A quoi ressemblent les bénéfices réels de la continuité en rivières ordinaires? (Tummers et al 2016)

Une publication de chercheurs anglais nous montre ce que peut être une opération de continuité "réussie" quand elle est vue par l'oeil de spécialistes des poissons: une simple variation dans la localisation de quatre espèces communes, déjà présentes dans la rivière concernée, avec certaines qui profitent et d'autres non selon les stations. Que ce genre de résultats passionne l'ichtyologue dans le cadre de son travail d'analyse et d'expérimentation, on peut le comprendre. Que l'on entreprenne de dépenser l'argent public à détruire des paysages et des patrimoines sur un grand nombre de rivières pour ce genre de gains, on ne peut pas l'accepter. Il faut décidément que chaque projet de continuité fasse un bilan préalable des populations de la rivière, pour exposer aux citoyens les bénéfices réellement attendus avant de signer un blanc-seing à des chantiers coûteux et nuisibles pour les riverains.

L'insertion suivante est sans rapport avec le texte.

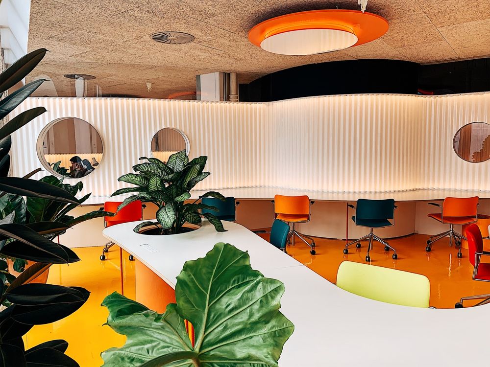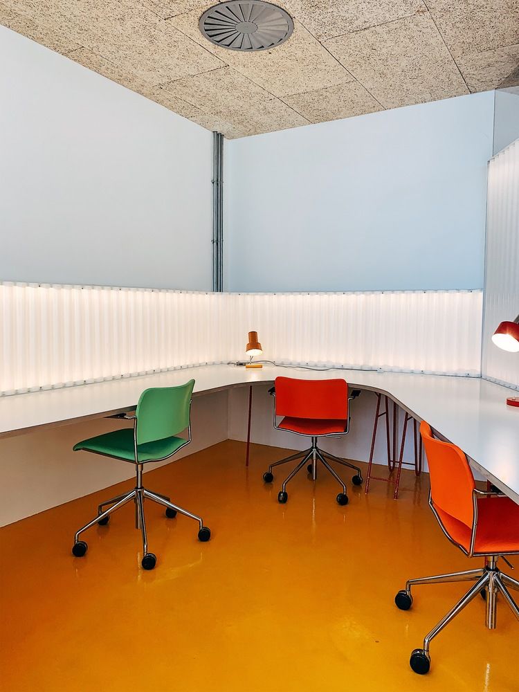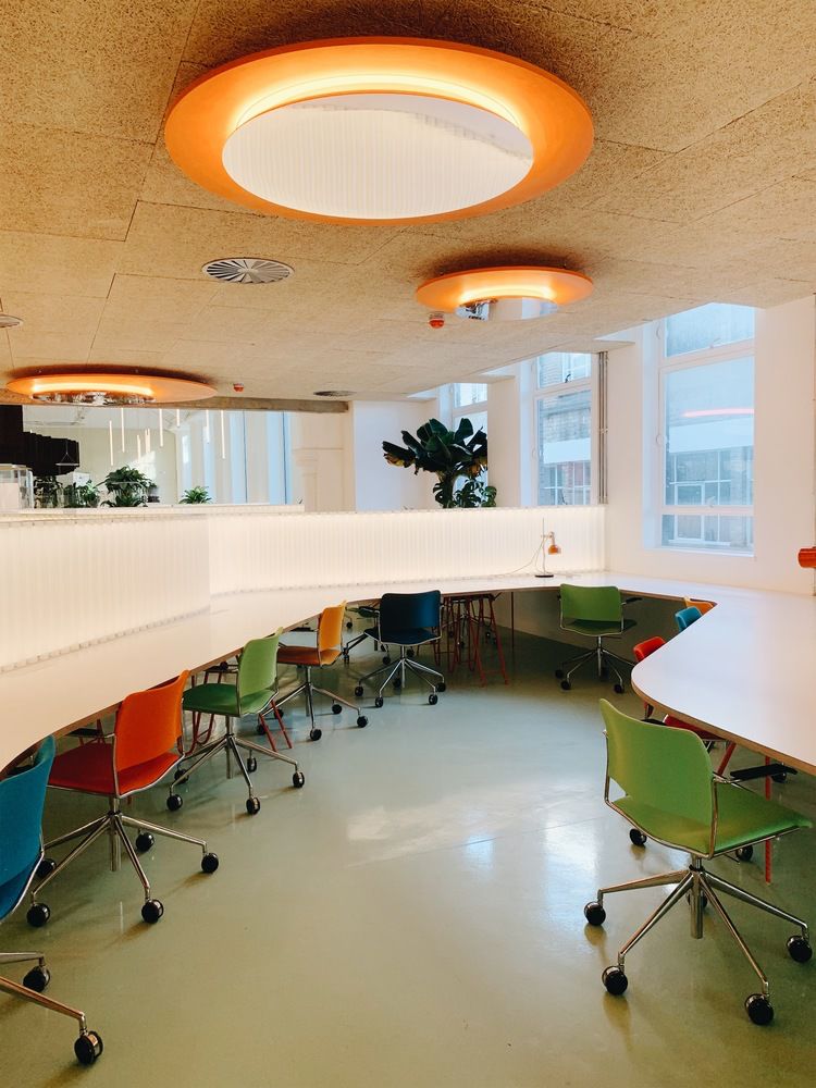 下面,我将从建筑、室内(办公空间)和各种配套设施来介绍这个共享办公空间的设计。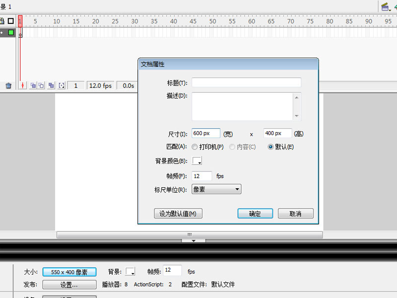 1、启动flash后,新建一个大小为600*400,帧频为12fps,背景颜色为白色的文档。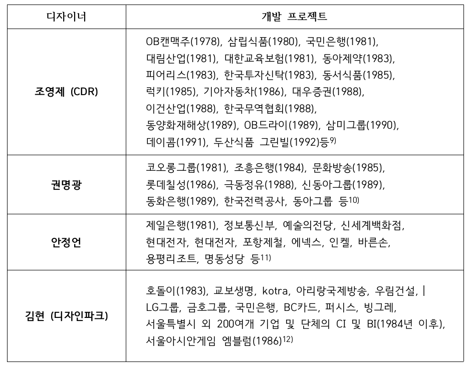 <표 1> 1세대 디자이너들의 주요 브랜딩 개발 프로젝트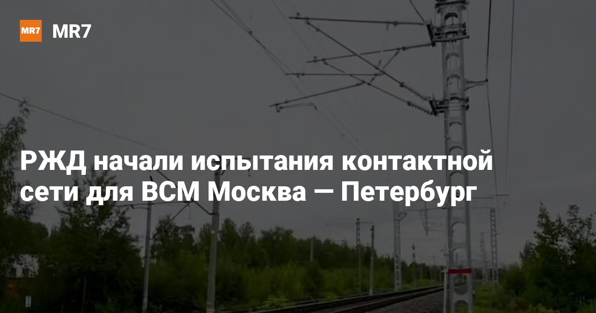 РЖД приступили к испытаниям опытного участка контактной сети для первого этапа высокоскоростной магистрали (ВСМ) Москва —Петербург. Испытания проходят на Экспериментальном кольце ВНИИЖТ в Щербинке. Об этом 7 августа сообщили в официальном новостном канале РЖД.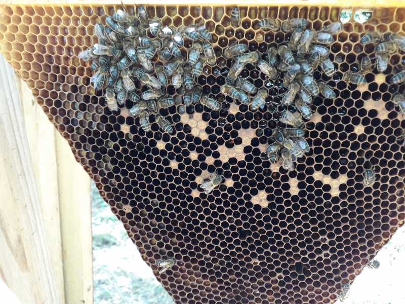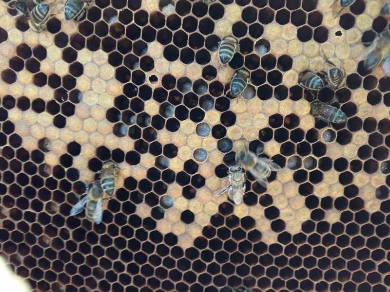 Le couvain est également en mosaîc et j’ai trouvé quelques larves pétrifiées sur le lange.

Jeroen S. Tummers et ses collègues (Université Durham, Wear Rivers Trust) publient un article sur la restauration de continuité sur la rivière Deerness, au Nord-Est de l'Angleterre.

Leur travail a consisté principalement à examiner finement des comportements de poissons (dispersion, montaison) à l'aide de techniques de marquage et capture, télémétrie, pêche électrique.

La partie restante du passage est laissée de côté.